In perhaps the best example I can think of to support this point, Emmalynne, all you have to do is look at how sales teams work. The guy or gal with the best sales record gets promoted.
After decades of sales training, I have yet to see the person who is a superb individual contributor overnight become a great manager. If anything it’s how a good team implodes, it downgrades the quality of your top performer. By contrast, some of the better managers are likely less capable salespeople.
This is true for architects, engineers, etc. We have a system — including in the military and in unions-which unnecessarily benefits what we call time in grade, time in service.
I’m reminded of the number of times I heard someone say that he’s been doing X for thirty years. Yes. The wrong way. Just because you have thirty years of doing X doesn’t mean squat. That’s a classic case of quantity vs. quality.
Good leadership skills are a whole other animal. Someone who is himself or herself a damned good salesperson can’t always translate into damned good coaching skills. Being ego-driven, that usually means that if their people struggle, they swoop in to save the day, which preserves the team’s record and the manager’s ego, but nobody grows.
Yet, we promote top performers over and again without asking the fundamental question as to whether the candidate possesses the requisite skills to the next-level job. So many careers and teams are ruined in such ways.
On the other hand, older workers who feel entitled strictly on the basis of time on the job can be deeply resentful of younger folks who have the leadership skills but not the hard knowledge.
In both cases, there has to be give and take. As someone who was a second lieutenant (after being enlisted) I fully understood the critical importance of listening and attending to my senior NCOs, who knew what they hell they were doing. That bought me respect, and it also got me trained.

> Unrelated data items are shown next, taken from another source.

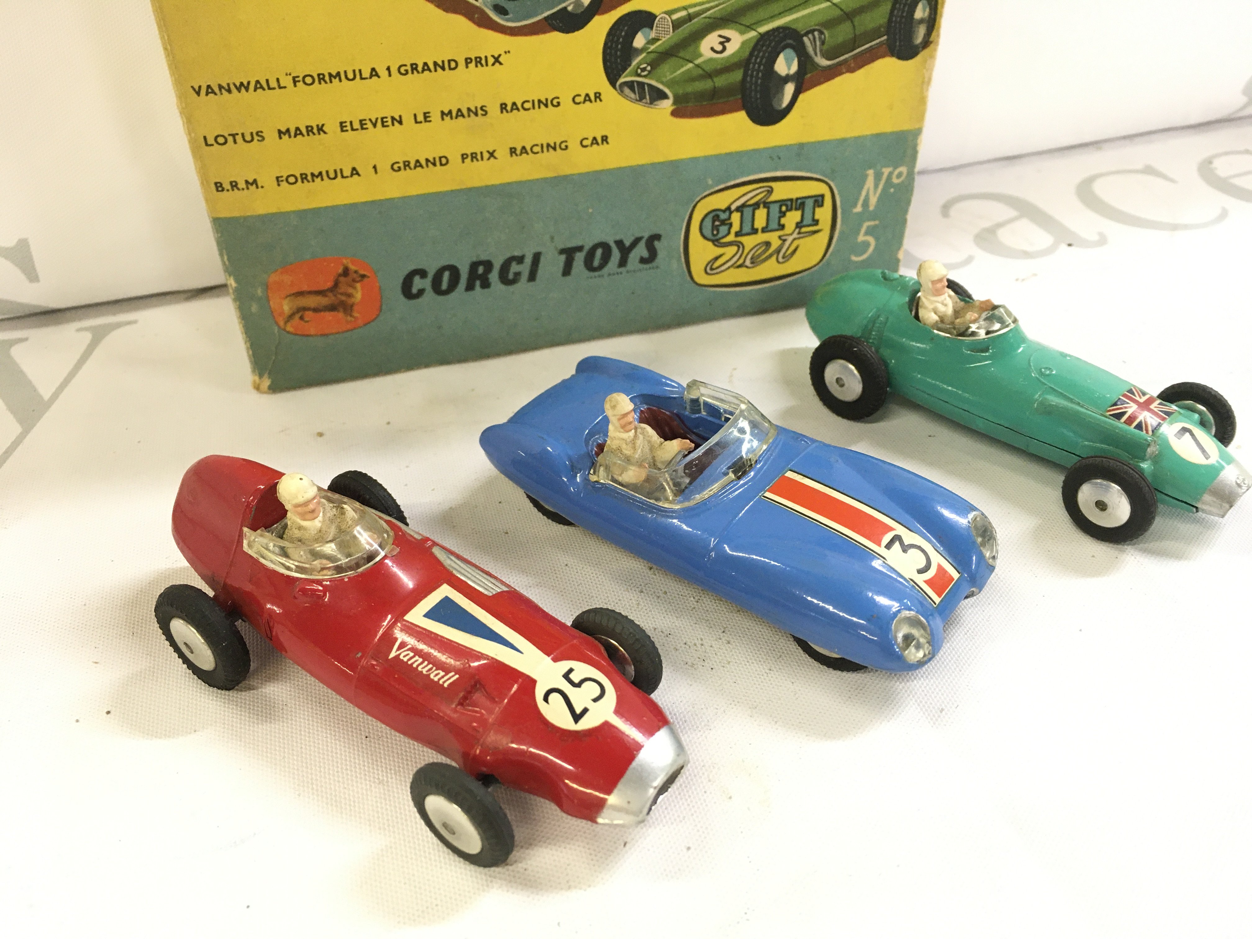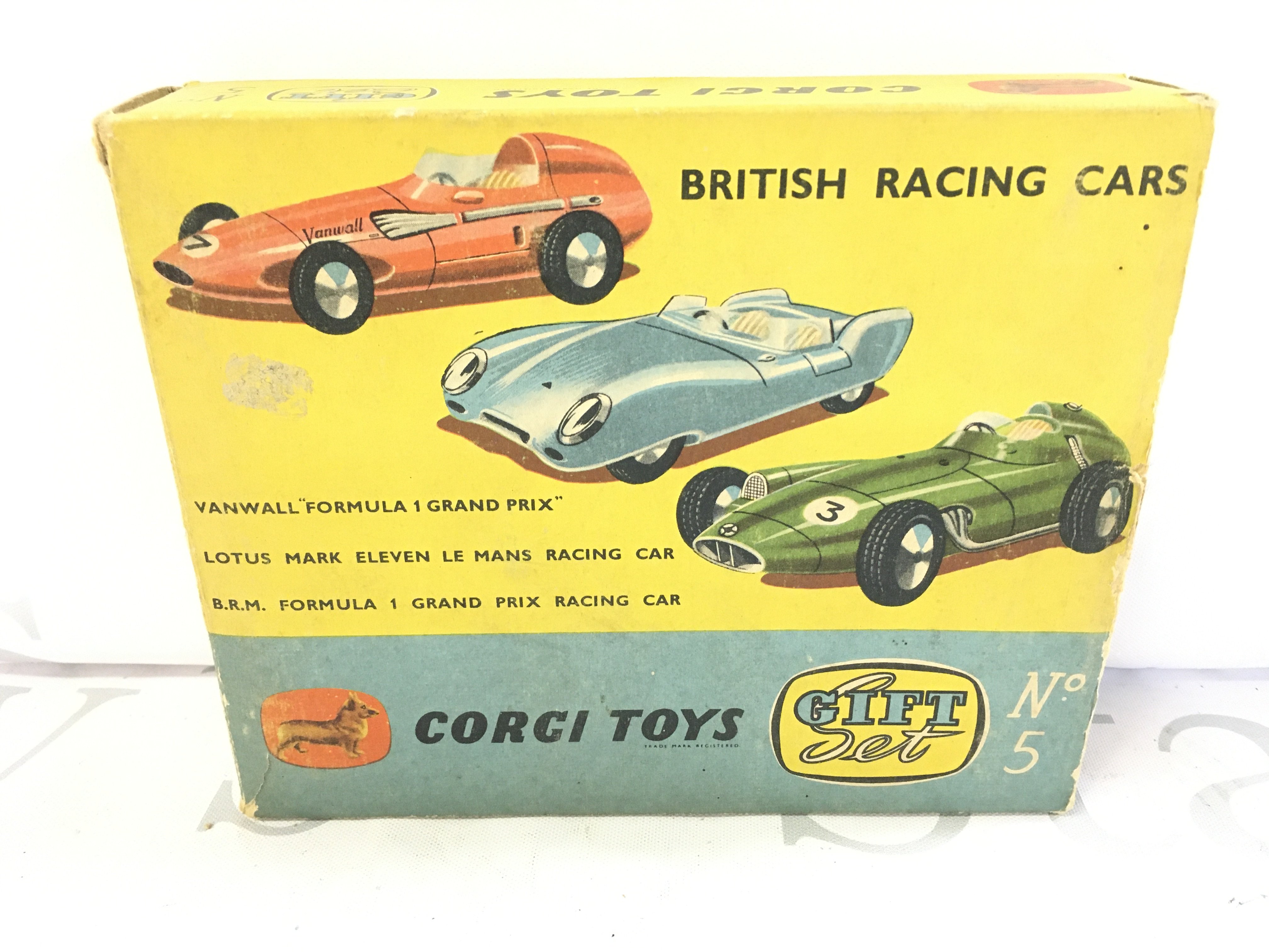 A Boxed Gorgi Gif Set #5 British Racing Cars. Vanwall Formula 1 Grand Pric. Lotus Mark Eleven Le Mans Racing Car. B.R.M Formula 1 Grand Prix Racing Car.
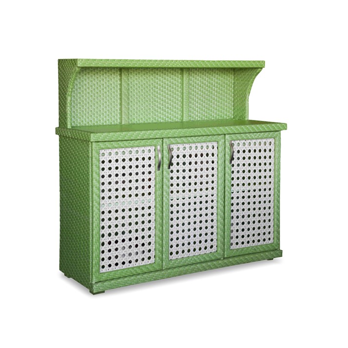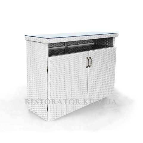 Тумба из полиротанга, состоящая из 3х дверей. Ажурно сплетенные дверцы узором из восьмигранников. Плетеная столешница декорирована стеклом (уровень прозрачности, заказчик может скорректировать). Внутренняя и нижняя полка выполнена так же из стекла.
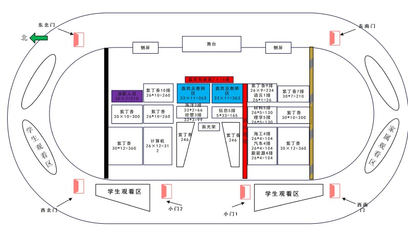 嘉宾在服务专员的引导下,从东北门(2号门)入场,在现场工作人员指引下就座。师生在18:30前在指定位置就座,请从西北门(1号门)、东北门(2号门)入场。
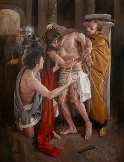 Pero de todo su trabajo destaca sobre todo la serie sobre la Pasión de Cristo, de corte hiperrealista y donde refleja el sufrimiento del Salvador en un entorno clásico henchido de sobrenaturalidad, y dejando al color (vivo y lleno de luz) el alivio del tenebrismo de la escena.
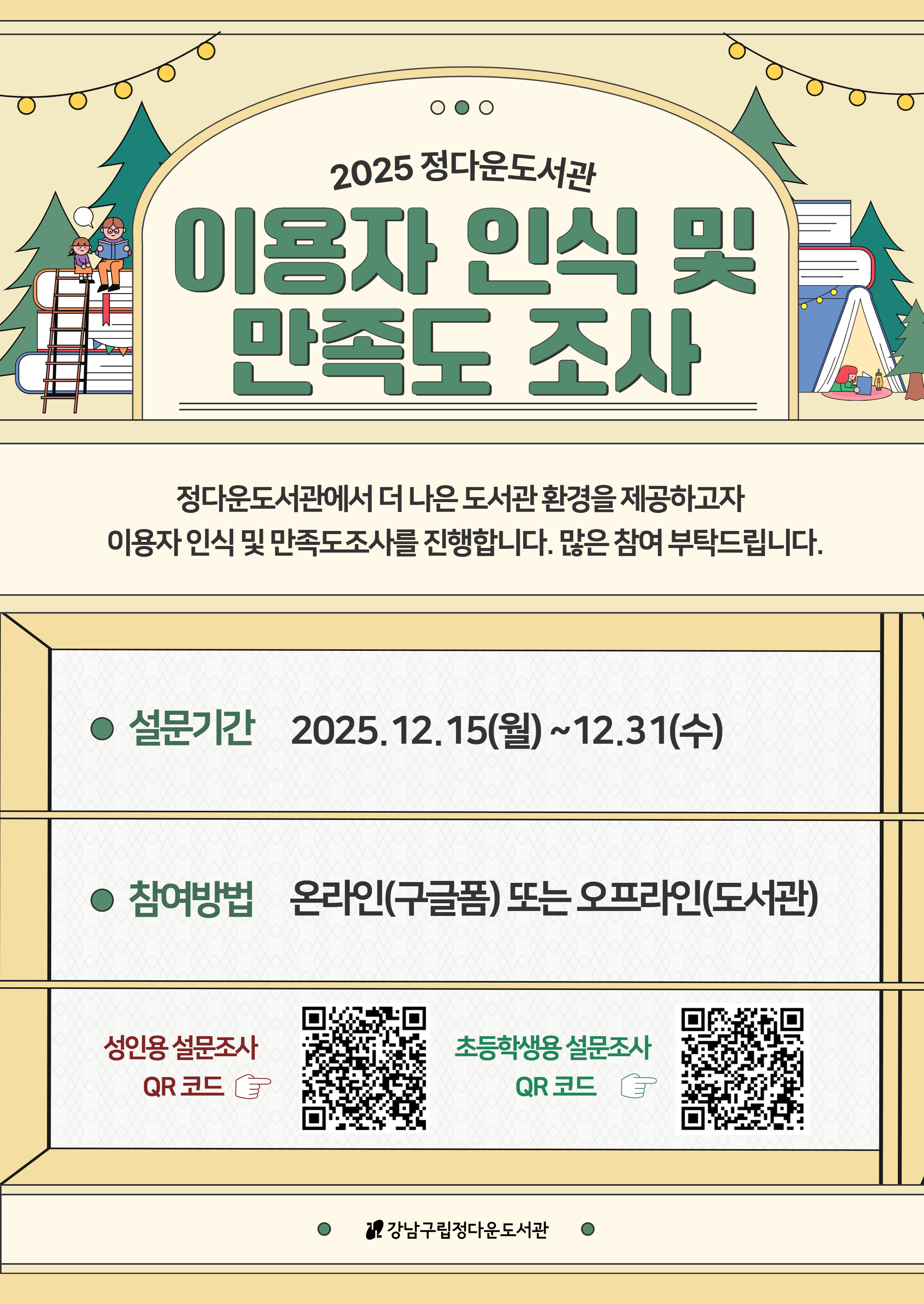 안녕하세요. 강남구립 정다운도서관입니다. 여러분과 함께 의견을 주고받으며 더 나은 정다운도서관을 만들어가고자 설문조사를 진행합니다. 잠시 시간을 내어 소중한 생각을 나눠주시길 바랍니다. ■ 설문응답기간 : 2025.12.15(월) ~ 12.31(수) ■ 설문참여방법 : 온라인 및 오프라인(정다운도서관) - 초등학생용 설문지 바로가기 - 청소년/성인용 설문지 바로가기
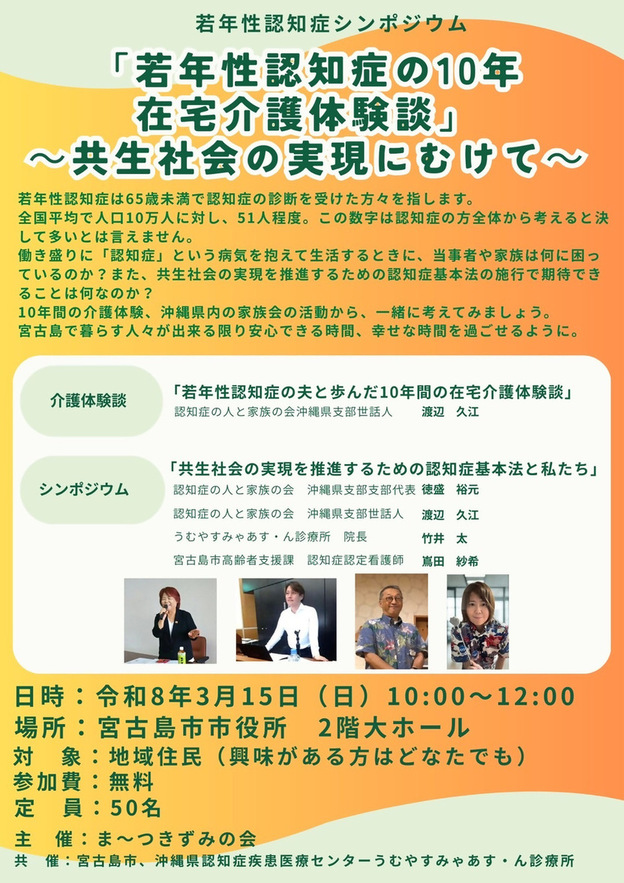 シンポジウムでは、認知症の人と家族の会の沖縄県支部世話人としても活動する渡辺さんが、家族の目線から実体験を語る。後半は、同会代表の徳盛裕元氏や同診療所の竹井太院長ら市内の専門職が登壇。介護現場や支援の最前線からの声を交え、家族が認知症になった際の心構えや、地域で活用できる支え合いの仕組みについて意見を交わす。
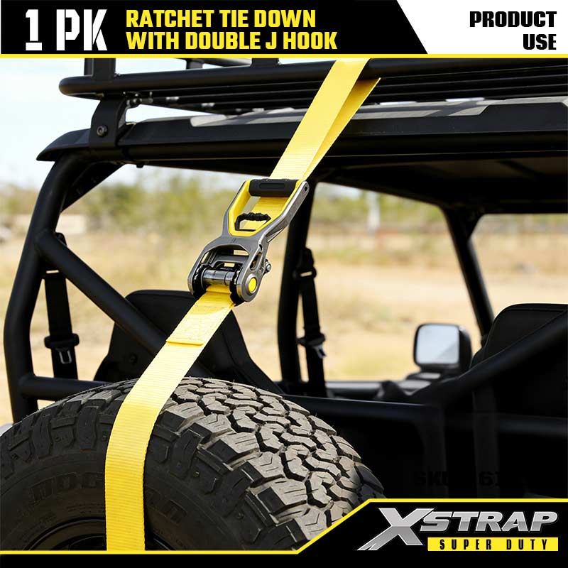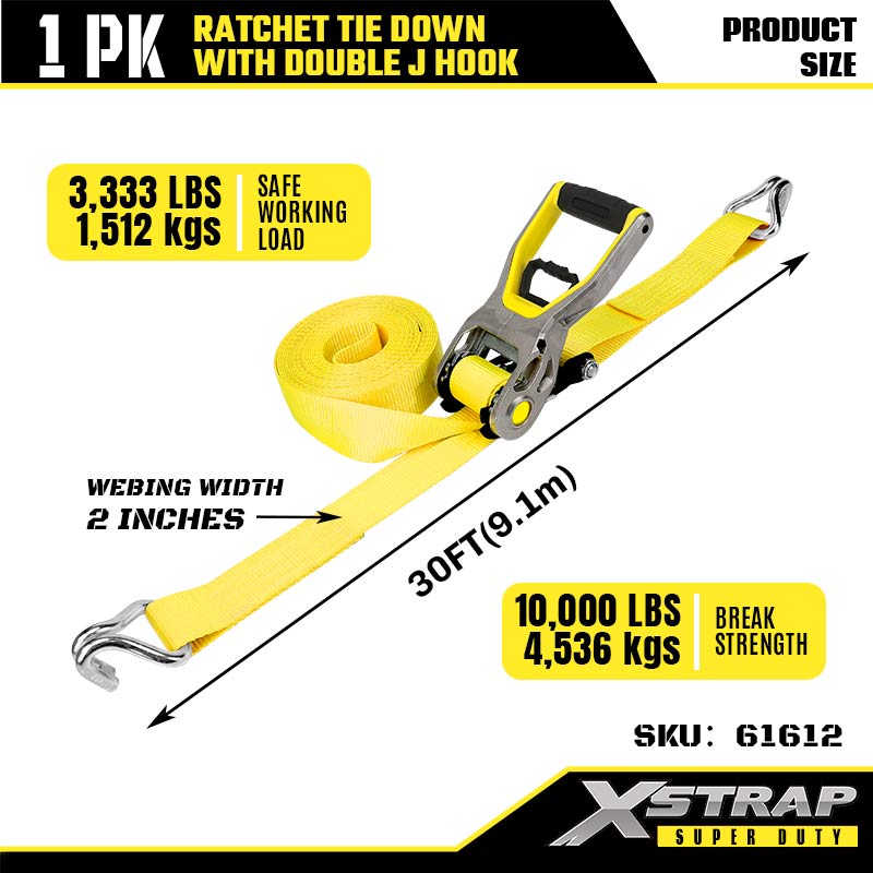 Amarração de catraca Xstrap 2PK com ganchos J duplos, alça de catraca de poliéster de 2" x 30', cintas de fixação de amarração de carga com capacidade de 3.333 libras com ganchos J duplos para trailer de serviço pesado, barco de esqui para trailer de cama plana, carro pequeno, equipamento pesado.
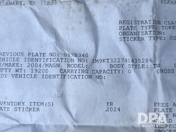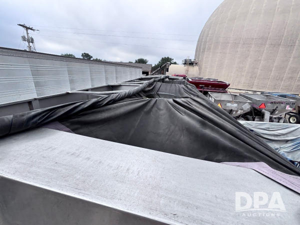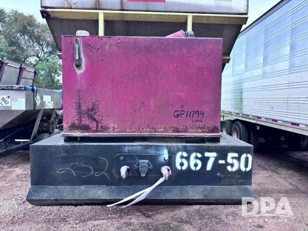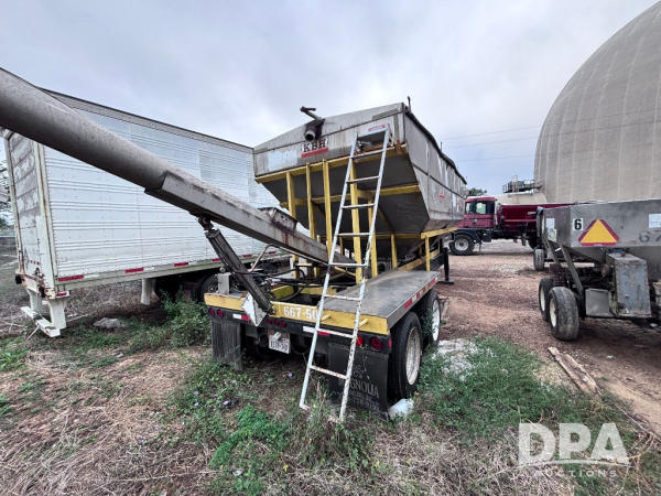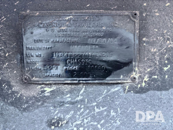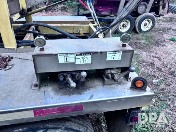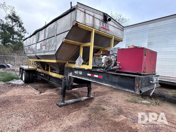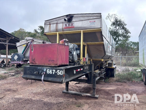 2004 Magnolia Dry Tender Trailer (GP11794, Unit 667-50), 2004 Magnolia dry tender trailer, tandem axle, spring suspension, 255/70R22.5 tires, KBH stainless steel dry tender box (S/N TT01698), diesel engine, hydraulic, rear discharge auger, tarp.
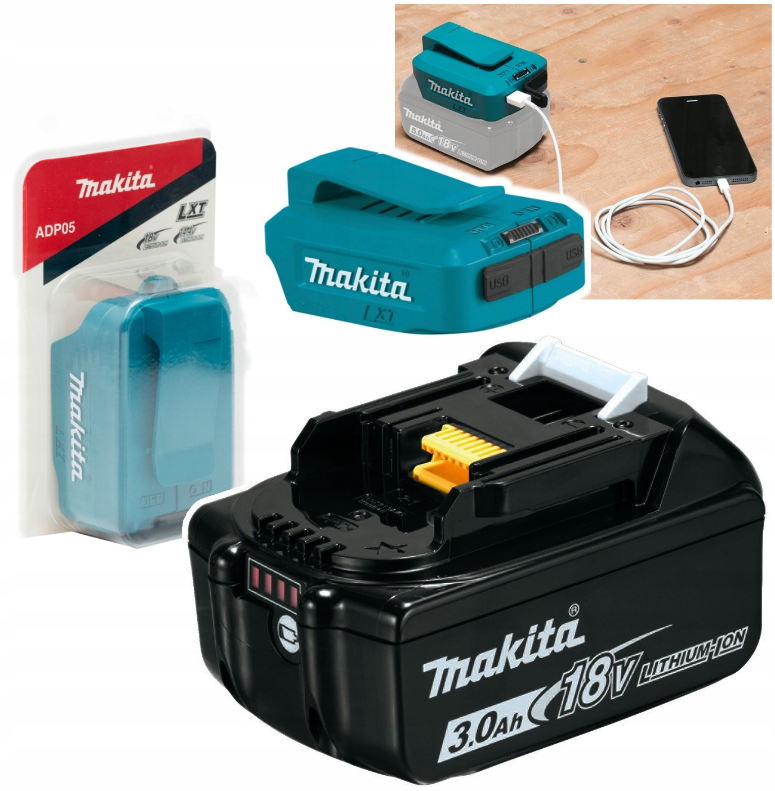 Makita BL1830B 18V LXT 3,0Ah + adapter USB ADP05 – zestaw premium: zasilanie do narzędzi i ładowanie USB w terenie
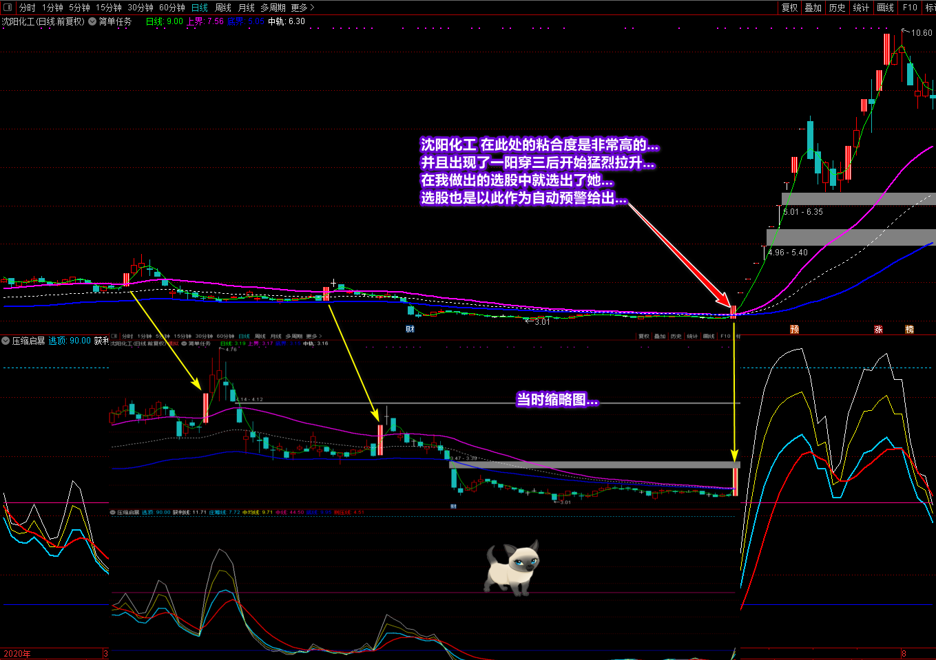 “一阳穿三”有两种表示方法;一种是一根阳K柱同日上穿了设定的三根均线,还有一种是一根设定的均线同日上穿了另外三根均线。这两种上穿不是固定的MA均线,可以由指数编写者设定。所以说这里的“一阳穿三”是不能用在MA均线上的,是专门针对《简单任务》而设计编写的。因为在《简单任务》指标中,三线的粘合程度没有固定值可寻,粘合时的距离有大有小甚至出现负粘合,所以没有一个指标可以把你看似粘合的个股选出来,只有通过一阳穿三的方式来找出三线相近或粘合的个股来。通过多次观察试用,大凡用这种“一阳穿三”的方式选出的个股,都是接近三线粘合形态的,但也会出现因阳柱太长太大,把一些三线距离较大的个股选 了出现,但你可以按我在1楼指标截图说明中的方法来加以甄别,选到符合条件和真正粘合接近的个股来。指标是死的,人是活的,只要你努力,相信你会抓得好,有实际效果。

Age doesn’t in and of itself convey knowledge or experience, nor wisdom nor patience. It’s just age. How we perform, how we treat people, how we demonstrate good sense, good will, courage and a host of other qualities are better determinants of leadership.
For a genuinely fun example of how that works, I would ask folks to watch Master and Commander, an Oscar winning film featuring Russell Crowe. A very young man, a child by any other measure, loses an arm in a conflict early on. He’s a lieutenant, but he leads like a man five times his age. In fact, the kid who played this role embodied those very characteristics. I am fascinated by the human dynamics of those who think that they are owed leadership or managerial positions simply because they’ve warmed a seat for so many years, That doesn’t make you a leader.
I’ve met plenty of much younger men and women who garnered my respect right away. Those folks can be taught a variety of hard skills, but the ability to lead is ephemeral as hell. Most of us can sense it when we’re around it. While in some cases in can be taught, in many, it can’t. In fact, if anything, those folks who feel entitled to leadership are all too often the very ones who shouldn’t be in those positions.